Each Azure region is paired with another region within the same geography, together making a regional pair. The exception is Brazil South, which is paired with a region outside its geography.

Figure 1 – Azure regional pair diagram

 

Geography Paired regions
Asia East Asia Southeast Asia
Australia Australia East Australia Southeast
Canada Canada Central Canada East
China China North China East
India Central India South India
Japan Japan East Japan West
Korea Korea Central Korea South
North America North Central US South Central US
North America East US West US
North America East US 2 Central US
North America West US 2 West Central US
Europe North Europe West Europe
Japan Japan East Japan West
Brazil Brazil South (1) South Central US
US Government US Gov Iowa US Gov Virginia
US Government US Gov Arizona US Gov Texas
US Department of Defense US DoD East US DoD Central
UK UK West UK South
Germany Germany Central Germany Northeast

Table 1 – Mapping of Azure regional pairs

An example of paired regions

Figure 2 below shows a hypothetical application which uses the regional pair for disaster recovery. The green numbers highlight the cross-region activities of three Azure services (Azure compute, storage, and database) and how they are configured to replicate across regions. The unique benefits of deploying across paired regions are highlighted by the orange numbers.

Figure 2 – Hypothetical Azure regional pair

Cross-region activities

1. Azure Compute (PaaS) – You must provision additional compute resources in advance to ensure resources are available in another region during a disaster.

2. Azure Storage – Geo-Redundant storage (GRS) is configured by default when an Azure Storage account is created. With GRS, your data is automatically replicated three times within the primary region, and three times in the paired region.

3. Azure SQL Databases – With Azure SQL Standard Geo-Replication, you can configure asynchronous replication of transactions to a paired region. With premium geo-replication, you can configure replication to any region in the world; however, we recommend you deploy these resources in a paired region for most disaster recovery scenarios.

4. Azure Resource Manager – Resource Manager inherently provides logical isolation of service management components across regions. This means logical failures in one region are less likely to impact another.

Benefits of paired regions

5. Physical isolation – When possible, Azure prefers at least 300 miles of separation between datacenters in a regional pair, although this isn’t practical or possible in all geographies. Physical datacenter separation reduces the likelihood of natural disasters, civil unrest, power outages, or physical network outages affecting both regions at once. Isolation is subject to the constraints within the geography (geography size, power/network infrastructure availability, regulations, etc.).

6. Platform-provided replication – Some services such as Geo-Redundant Storage provide automatic replication to the paired region.

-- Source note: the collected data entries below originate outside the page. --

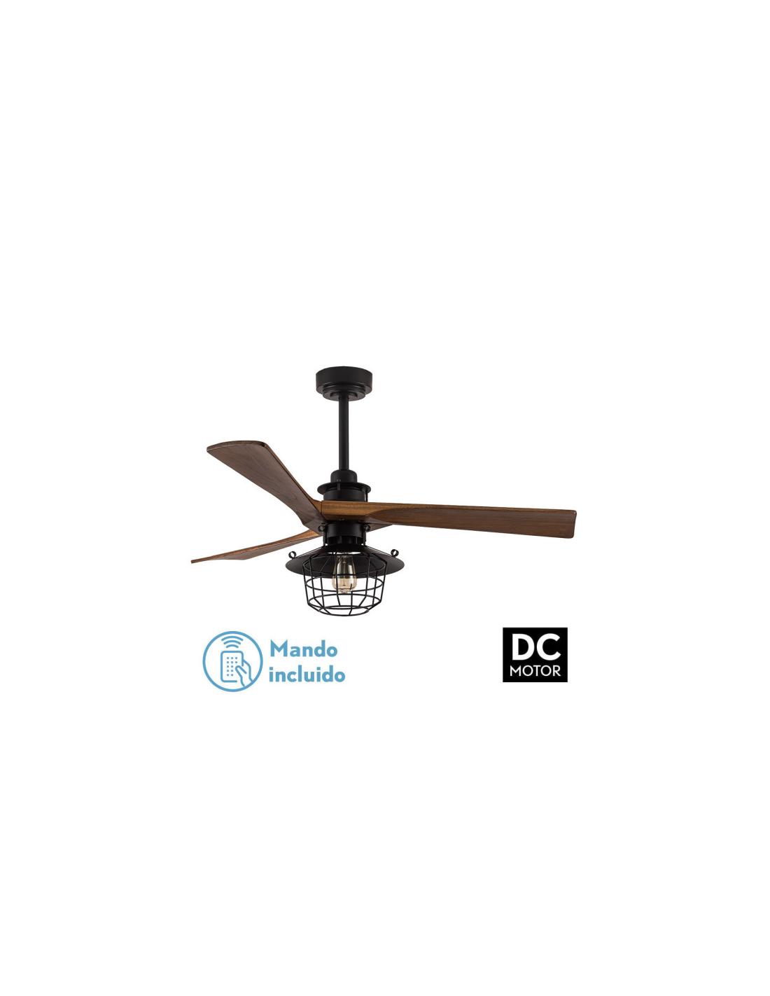 Fan Dc Vulturno Black 1xe27 3 Blades Oak 6 Speeds With Remote And Timer 53/65.5x132x132 Cm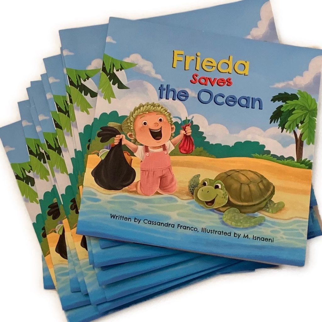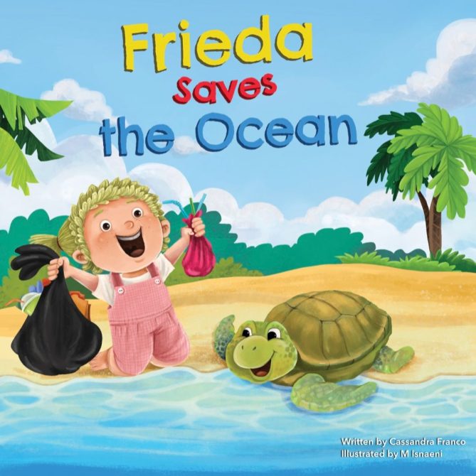 “Frieda Saves the Ocean” is aimed to educate children about plastic pollution in the ocean and cleaning up the shoreline. The fictional picture book is about a young girl who goes to the beach and is frustrated by all the garbage laying around in the sand where she is trying to play. She is approached by a friendly sea turtle who teaches her about the issues of plastic pollution and its effects on the sea creatures. The young girl, Frieda, is inspired to pick up garbage on the beach and encourages everyone around her to do the same.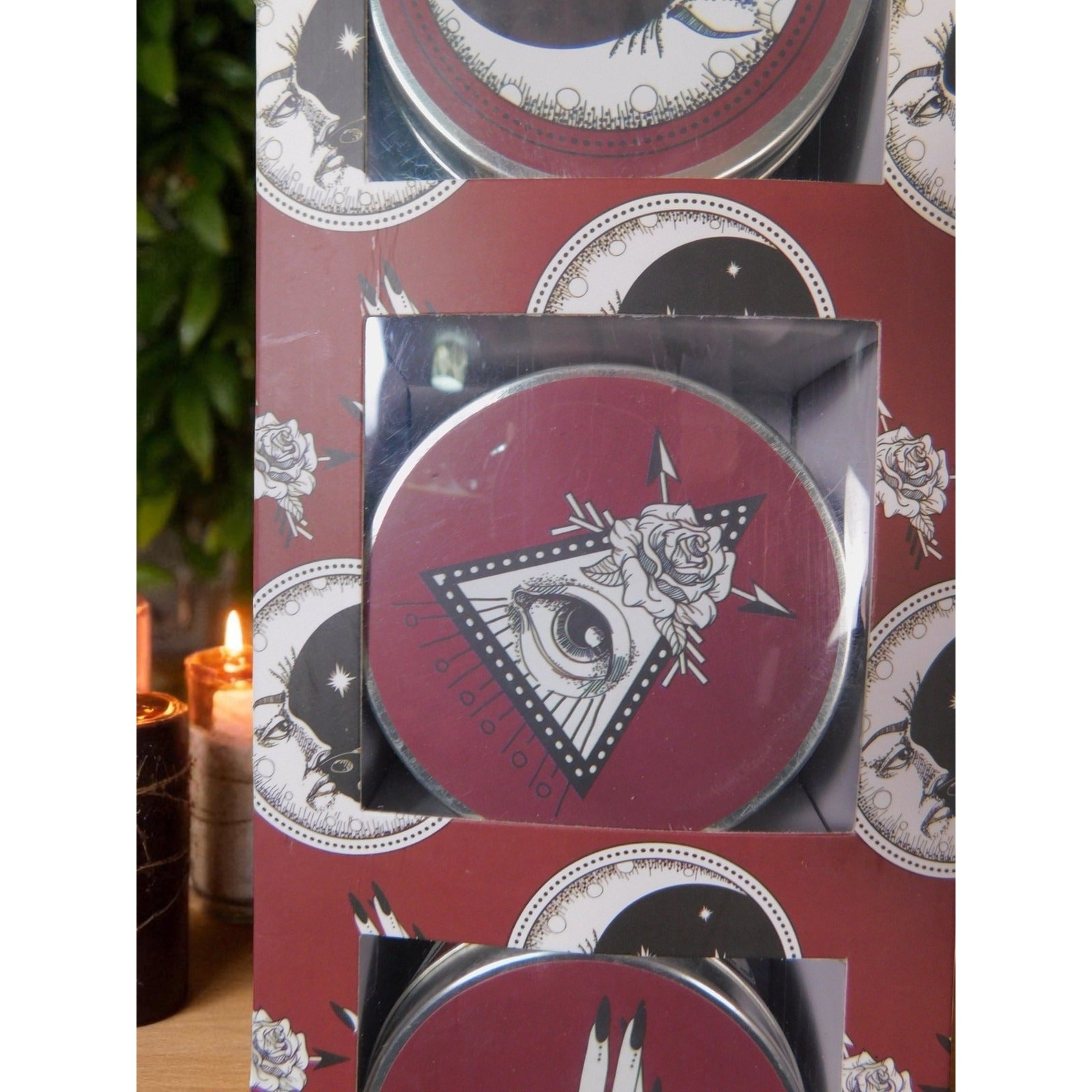 Set of 3 scented travel tin candles beautifully packaged with mystic motif artwork: moon and stars, all-seeing eye, and hand illustration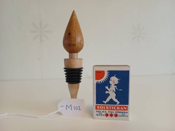 Flaskstopp av äppelträ som är svarvad och slutligen är nederdelen behandlad flertalet gånger med livsmedelssäkert friktionsvax.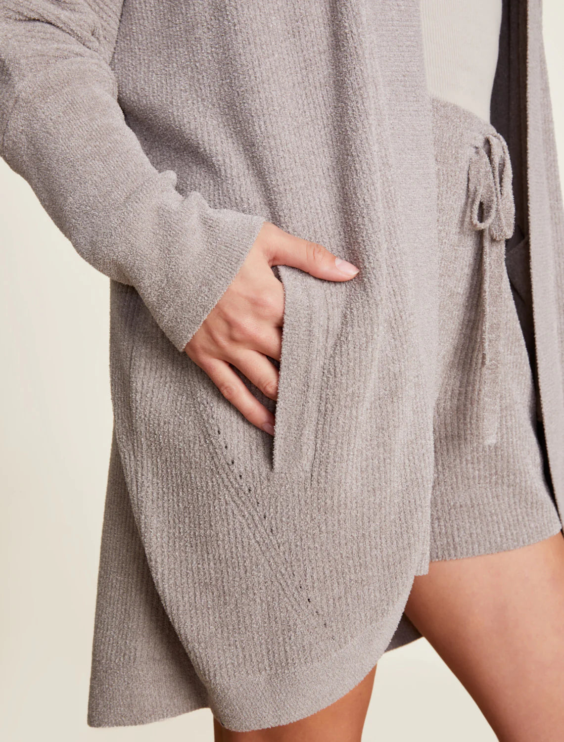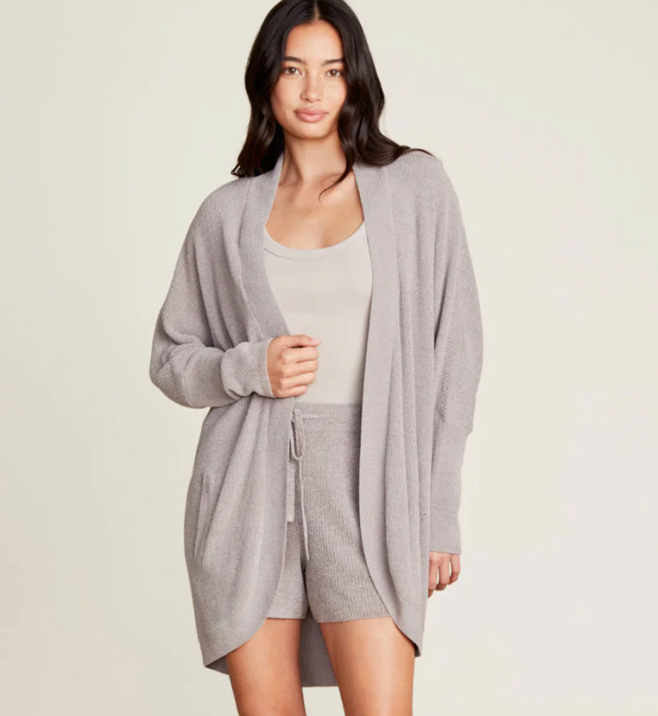 This Cozy Chic Ultra Lite Cocoon Long Cardi is the perfect piece to throw on for any occassion. This cardi has a circular, mid-thigh length hem with ribbing throughout and pointelle stitch details at sides. With welt pockets and stylish sleeve cuffs, this piece will become a staple. Model is 5’8” and wearing a size S.
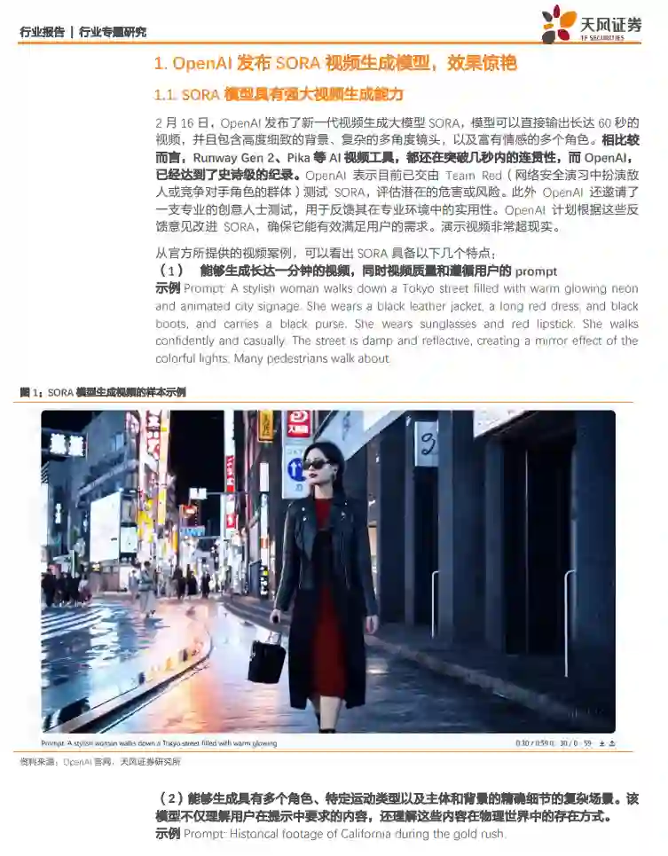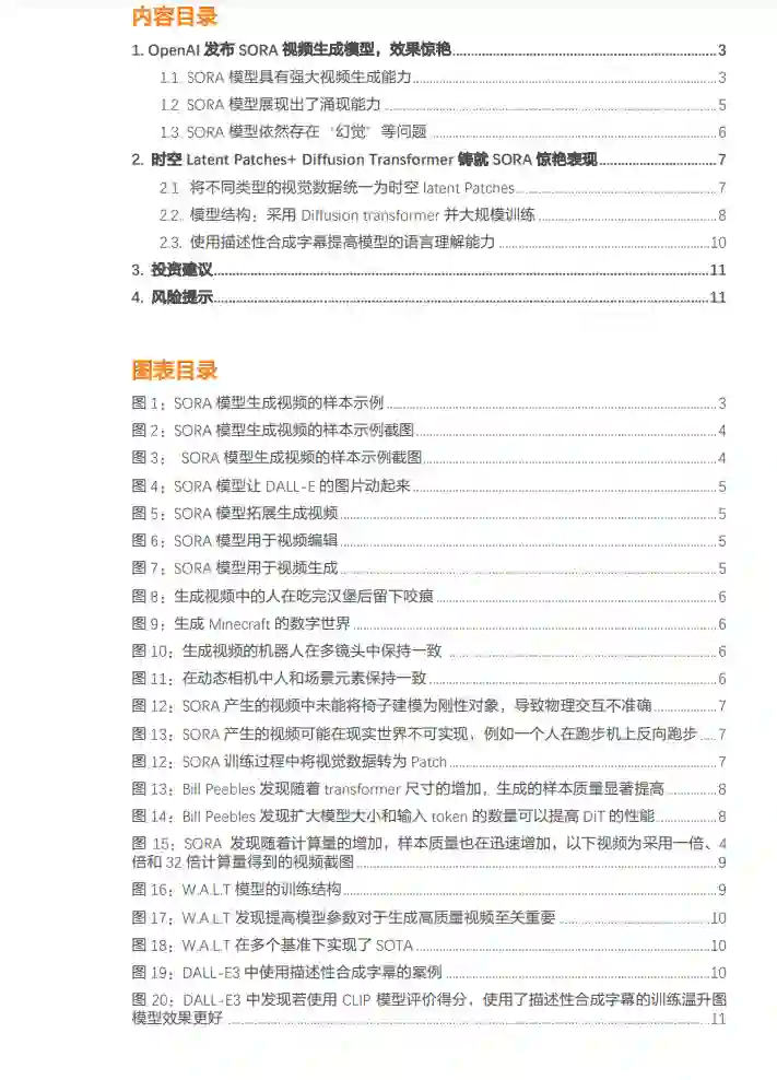 OpenAI发布了最新文生视频大模型SORA,可以生成1分钟长视频,效果显著,在生成的视频细节,内容一致性和指令遵循能力独树一帜 2月16日,OpenAI首次对外公布了SORA文生视频模型,SORA模型可以直接输出长达60秒的视频,并且包含高度细致的背景、复杂的多角度镜头,以及富有情感的多个角色。相比较而言,Runway Gen2、Pika等AI视频工具,都还在突破几秒内的连贯性,而OpenAI,已经达到了史诗级的纪录。OpenAI目前已经邀请了一支专业的创意人士测试,用于反馈其在专业环境中的实用性。 SORA模型在训练中将不同类型视觉素材统一为时空Latent Patch,采用Diffusion-transformer结构并大规模训练,再次展现“暴力美学” 从technical report窥探技术路径,OpenAI在文生视频领域再次展现“暴力美学”,SORA在模型结构上使用了Diffusion Transformer结构,采用了大规模的训练,在数据上将图片和视频统一压缩转换为时空Latent Patches并作为transformer输入,而这一步也使得模型能够在不同分辨率、持续时间和宽高比的视频/图像数据上进行训练,同时为了提高模型的理解能力,SORA使用了DALL-E3模型中的re-captioning技术,训练了一个caption模型为视频数据生成文字字幕。 SORA模型已具备了一定的涌现能力,虽然也存在“幻觉问题”,但我们认为文生视频的GPT-3时刻已来 SORA模型现在可用于视频生成,图片生成,视频编辑、视频链接和视频前后拓展等,我们认为未来有望重塑影视/动画/自媒体等诸多视频生产行业,同时SORA还展现出了一定的涌现能力,使其能够从物理世界模拟人、动物和环境的某些方面,包括3D连续,物体持续和long-range的连贯性,我们预计未来SORA也会逐步进化,如同GPT3到4一样有更强的能力,或许文生视频的GPT-3时刻已经到来。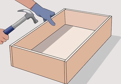 Hammer nails into the plywood to join the 2 boards. When you're finished, you will have created the bottom of your worm bed and its 2 narrow sides.

7. Region recovery order – In the event of a broad outage, recovery of one region is prioritized out of every pair. Applications that are deployed across paired regions are guaranteed to have one of the regions recovered with priority. If an application is deployed across regions that are not paired, recovery may be delayed – in the worst case the chosen regions may be the last two to be recovered.

8. Sequential updates – Planned Azure system updates are rolled out to paired regions sequentially (not at the same time) to minimize downtime, the effect of bugs, and logical failures in the rare event of a bad update.

9. Data residency – A region resides within the same geography as its pair (with the exception of Brazil South) in order to meet data residency requirements for tax and law enforcement jurisdiction purposes.